Technical Selection: Redis.

Failure Handling: If Redis fails, the system falls back to the Read Replicas. To prevent a "thundering herd," we use a random jitter in TTL.

Messaging

Purpose & Decoupling: Kafka is used to decouple the critical path of posting a review from the background tasks like updating the business's average rating or fraud detection.

Event / Topic Schema: review-events: {business_id, user_id, rating, timestamp}.

Technical Selection: Kafka.

Failure Handling: Use a Dead Letter Queue (DLQ) for malformed review events that fail processing.

Wrap Up

Advanced Topics

Trade-offs: We chose PostGIS over a pure Geohash/NoSQL approach.
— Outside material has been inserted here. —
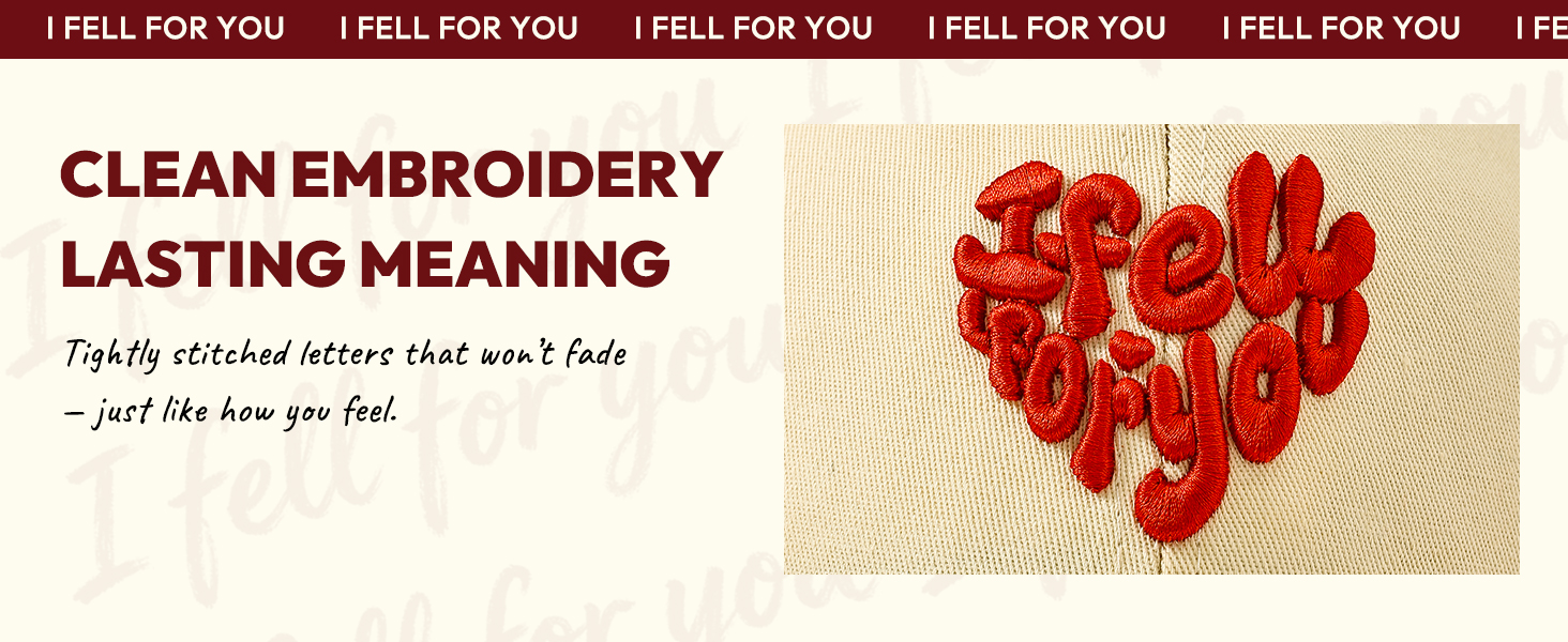 This charming baseball hat combines romance with everyday style. Exquisite 3D embroidery outlines a heart with the words "I Fell for You," making it a subtle yet sweet unisex statement.

While Geohash is easier to shard on a standard NoSQL DB, PostGIS handles "edge of the box" calculations much more accurately without complex application-level logic.

Reliability: Multi-AZ deployment for PostgreSQL ensures that a single zone failure does not result in data loss.

Bottleneck Analysis: The primary DB index for spatial data can become a bottleneck. If this happens, we move to a Quadtree held in memory (using a service like ElasticSearch or a custom service) to offload the 2D search.

Distinguishing Insight: For a true global Yelp clone, the use of Cell-based Sharding (S2/H3) is superior to simple Latitude/Longitude sharding because it accounts for the curvature of the earth and provides constant-area cells, ensuring uniform data distribution across shards.